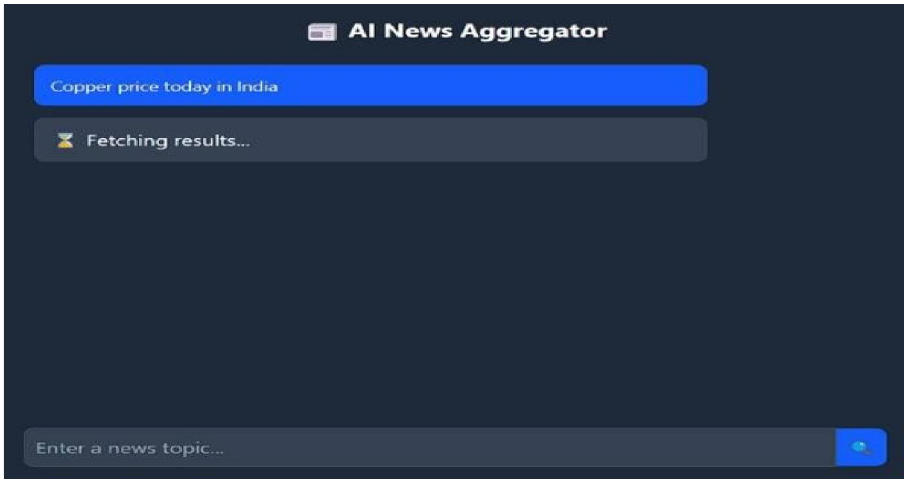
Fig 3: Fetching the new

The output shows the interface of an "AI News Aggregator" application. The interface features a dark-themed design with a central panel displaying the current topic being processed, which is "Copper price today in India," highlighted in blue. Below this, a "Fetching results..." message indicates that the application is retrieving information. At the bottom, there is a text input field with the placeholder "Enter a news topic..." and a blue button, suggesting users can input new topics to explore. The overall layout is clean and minimalistic, designed to provide a seamless user experience for accessing news updates.
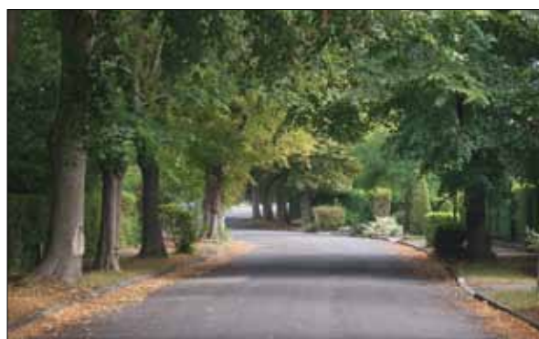
The central crescent

kerbs. In some areas footpaths are set back from the road edge behind lightly raised grassed verges lined with low stone edges. The trees in the verges are generally mature oak trees, copper beeches and horse chestnuts. Significant groups of mature trees are highlighted on the townscape map. The sylvan landscape and open space within Abbotswood also supports rich and varied wildlife including stag beetles and grass snakes, as well as bird species that appreciate mature trees and the insects they contain such as green and greater spotted woodpeckers and nuthatch.
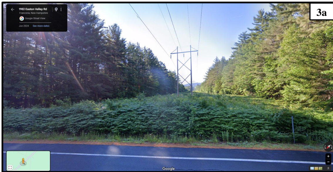
Easton Valley Road, Rt.116, Easton, near Gingerbread Rd., facing Southeast ( 44^{\circ}07'41.5''\text{N} 71^{\circ}47'36.5''\text{W} ).
:::
» The task:
For the word "central", state how many lines of the entries contain it, with nothing else.

» Written reply:
2